Supplied data ->
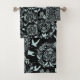 Design preto e floral Conjunto de toalhas verde e preta, incluindo toalha de banho, toalha de mão e pano de lavagem
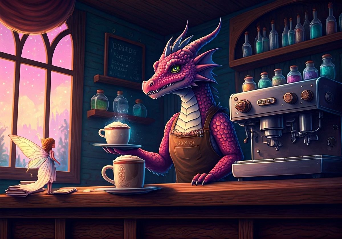 This image shows a whimsical fantasy scene inside a magical cafe. A dragon barista serves a fairy a cappuccino amid potions and an espresso machine, with a synthwave neon retro aesthetic.
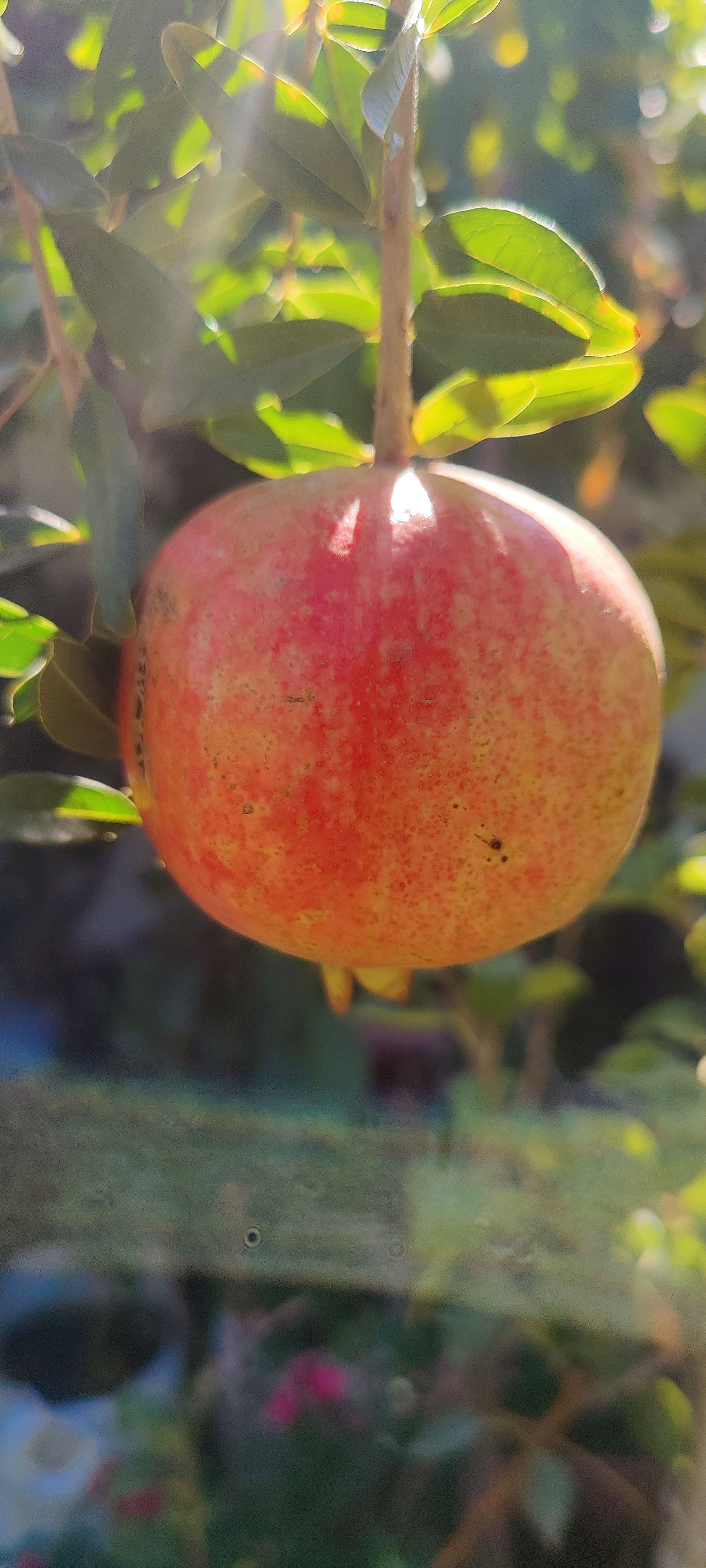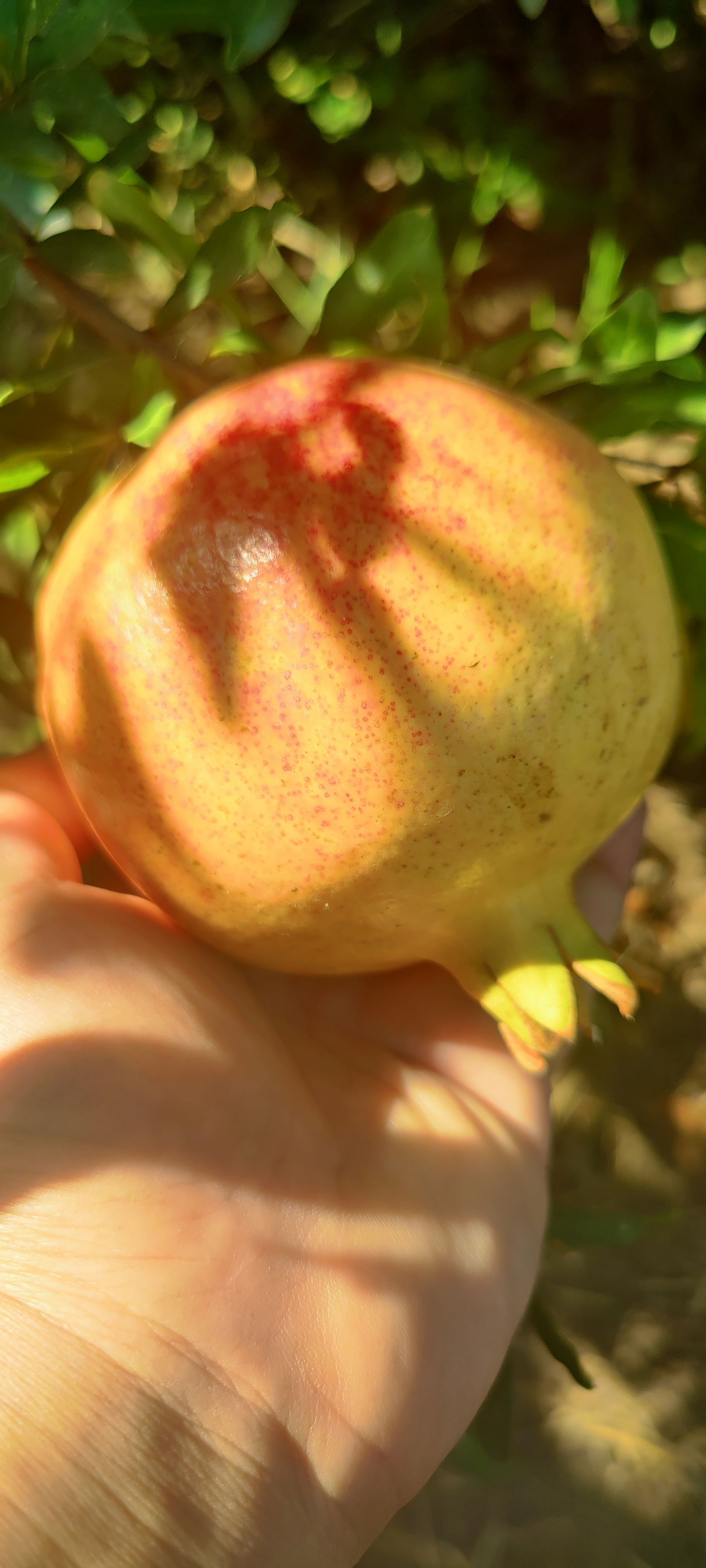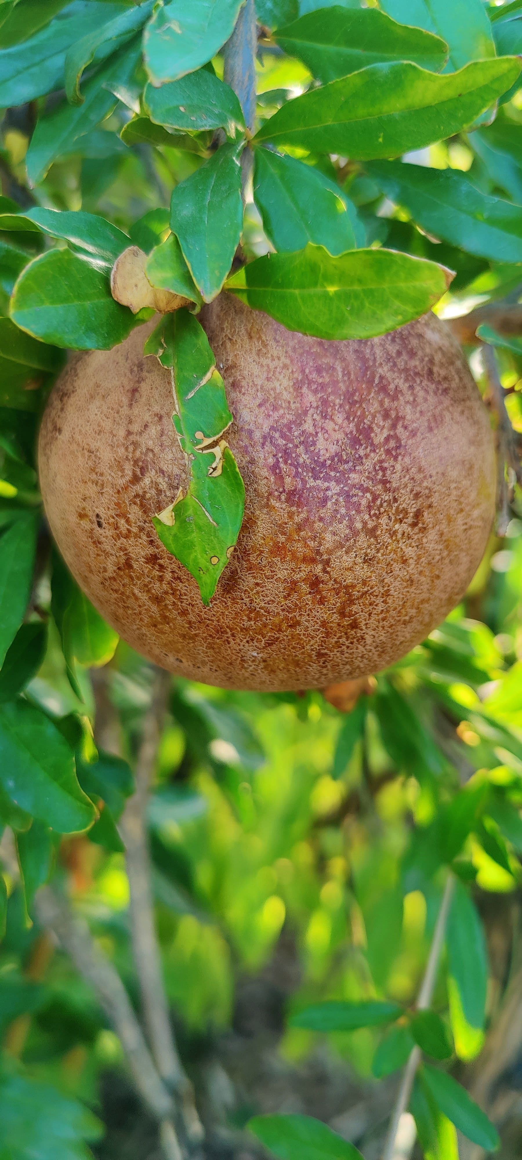 This pomegranate have a different color. Color looks bronze. It’s super sweet and stingy. There is only one fruit on the tree. Last year there was 4. It’s the 2nd time it produce fruit. It’s super red inside and very sweet.

What you are asked to do -> Restate the full listing verbatim and drop every picture.

Task result ->
 Design preto e floral Conjunto de toalhas verde e preta, incluindo toalha de banho, toalha de mão e pano de lavagem
 This image shows a whimsical fantasy scene inside a magical cafe. A dragon barista serves a fairy a cappuccino amid potions and an espresso machine, with a synthwave neon retro aesthetic.
 This pomegranate have a different color. Color looks bronze. It’s super sweet and stingy. There is only one fruit on the tree. Last year there was 4. It’s the 2nd time it produce fruit. It’s super red inside and very sweet.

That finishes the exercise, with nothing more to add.